La colocalisation en microscopie fait référence à différentes méthodes d’analyse de données pour caractériser le degré de chevauchement entre deux canaux dans une image (conventionnellement appelés canaux R et G, ou canaux rouge et vert, indépendamment de la Longueur d’onde qu’ils ont effectivement enregistrée). Une application typique en microscopie à fluorescence consiste à étudier la présence de deux cibles marquées dans la même région d’une cellule.
Pour une introduction accessible, voir Coefficients de colocalisation et Notions de base sur la colocalisation.
N’oubliez pas que le flou et le bruit affectent la colocalisation.
Voir Analyseur de colocalisation et Théorie de la colocalisation pour plus de détails.

Colocalisation d’objets

Notez que l’Analyseur d’objets du logiciel Huygens fournit également des mesures de colocalisation au niveau de l’objet. L’analyseur de colocalisation travaille plutôt au niveau de l’image entière, malgré le fait que certaines statistiques locales des régions de colocalisation peuvent être facilement récupérées.
Les deux analyseurs fonctionnent, en ce sens, de manière complémentaire.

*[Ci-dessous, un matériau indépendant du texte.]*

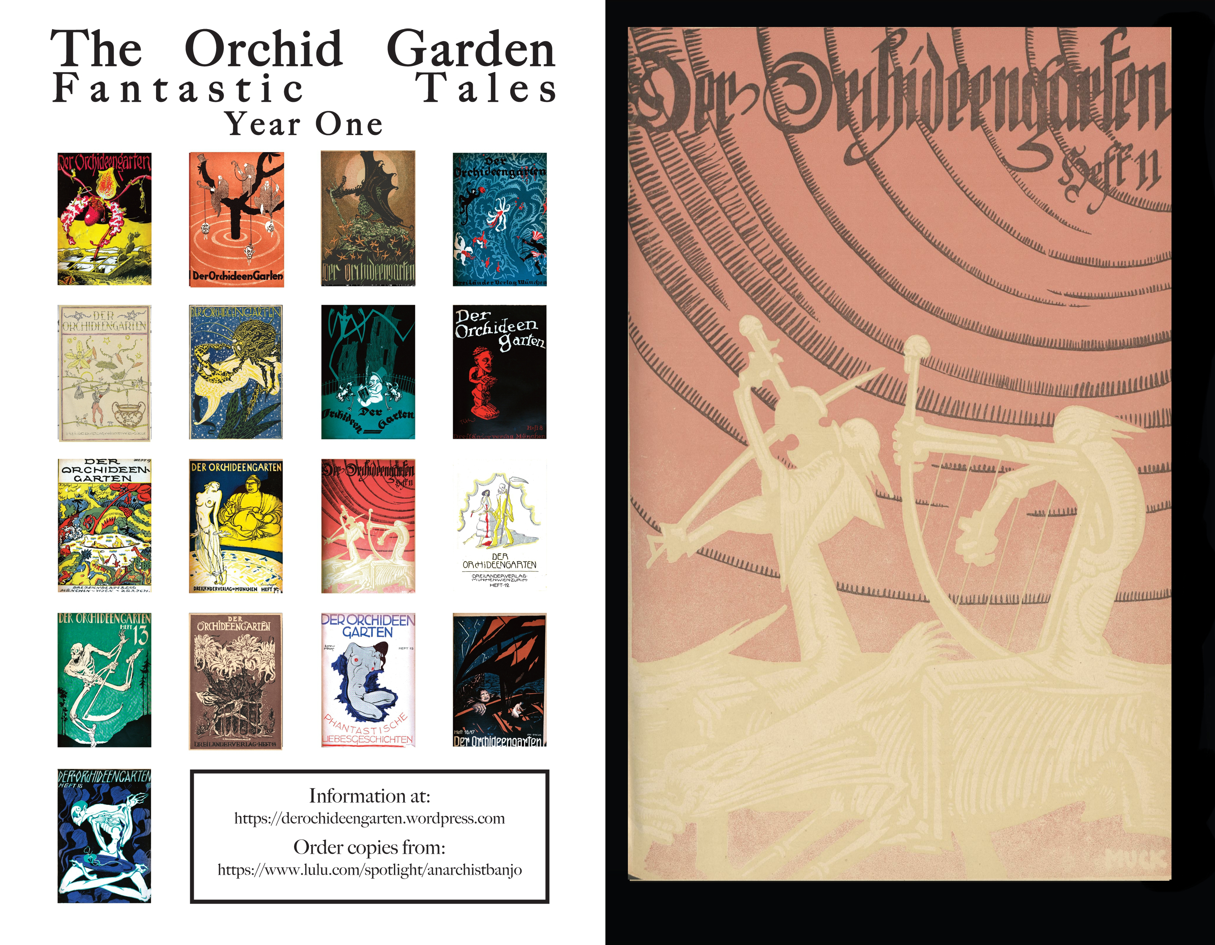 Der Orchideengarten is the world’s first illustrated fantasy magazine. This issue was published in the German language in 1919. This is the first English translation of these stories and contains the original cover and artwork. It includes: Death by Classified by Fyodor Sologub; OM! by Max Rohrer; Rumplebumm by Richard Theuringer; The Masked Ball by Hanns Reiser; The Deluge by Will Scheller. All translations by Joe Bandel; Layout and design by John Hirschhorn-Smith.
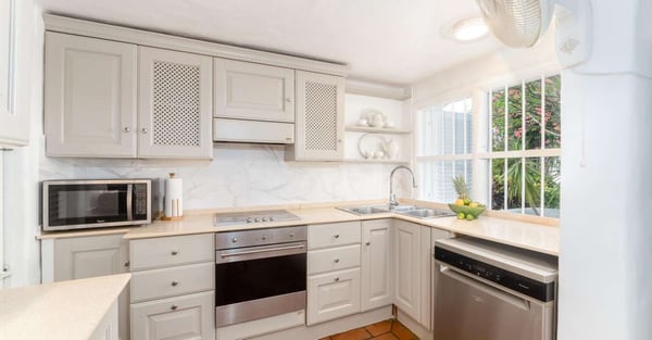 Merlin Bay is a delightful Mediterranean-style beachfront development located within the exclusive area of The Garden, St. James. Firefly is one of just eight townhouses surrounding a lagoon-style swimming pool and offers lovely views of the aquamarine waters of the Caribbean Sea. The beach is just a few steps away from the townhouses' private sun terrace, complimented by a plunge pool and BBQ. Its split-level floor plan features an en suite bedroom, kitchen, dining room and sunken living room on the ground floor, as well as an open-air terrace with a private plunge pool. The primary suite, with an intimate balcony and en suite bathroom, as well as an additional guest bedroom are located on the first floor of the townhouse. Set amid lush tropical gardens designed to offer a high degree of privacy, Merlin Bay has a stairway providing direct access to a stunning beach below, ideal for swimming and snorkelling.
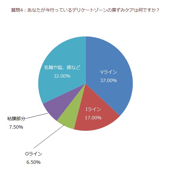 どの部分の黒ずみが一番気になるかとう言う質問に対して、一番多かったのがVラインの37%でした。また、最近では気にしてる方も多く、ケアアイテムも多くなってきている部分で言えば、意外にも乳輪、わき、膝も黒ずみの悩みを抱えている方が多い結果になりました。

• L’analyseur d’objets vous permet de définir des objets (voir Segmentation d’objets) et de voir dans quelle mesure ils se chevauchent, en volume ou en intensité. Les objets ainsi définis peuvent se chevaucher avec d’autres objets, ou non. Vous pouvez filtrer les objets qui ne se colocalisent pas du tout.
• L’analyseur de colocalisation explore l’ensemble de l’image pour rechercher des régions de colocalisation sur la base des coefficients de colocalisation habituels. Ces régions sont ensuite segmentées et traitées comme des objets à analyser. Ces objets sont donc toujours des volumes d’intersection.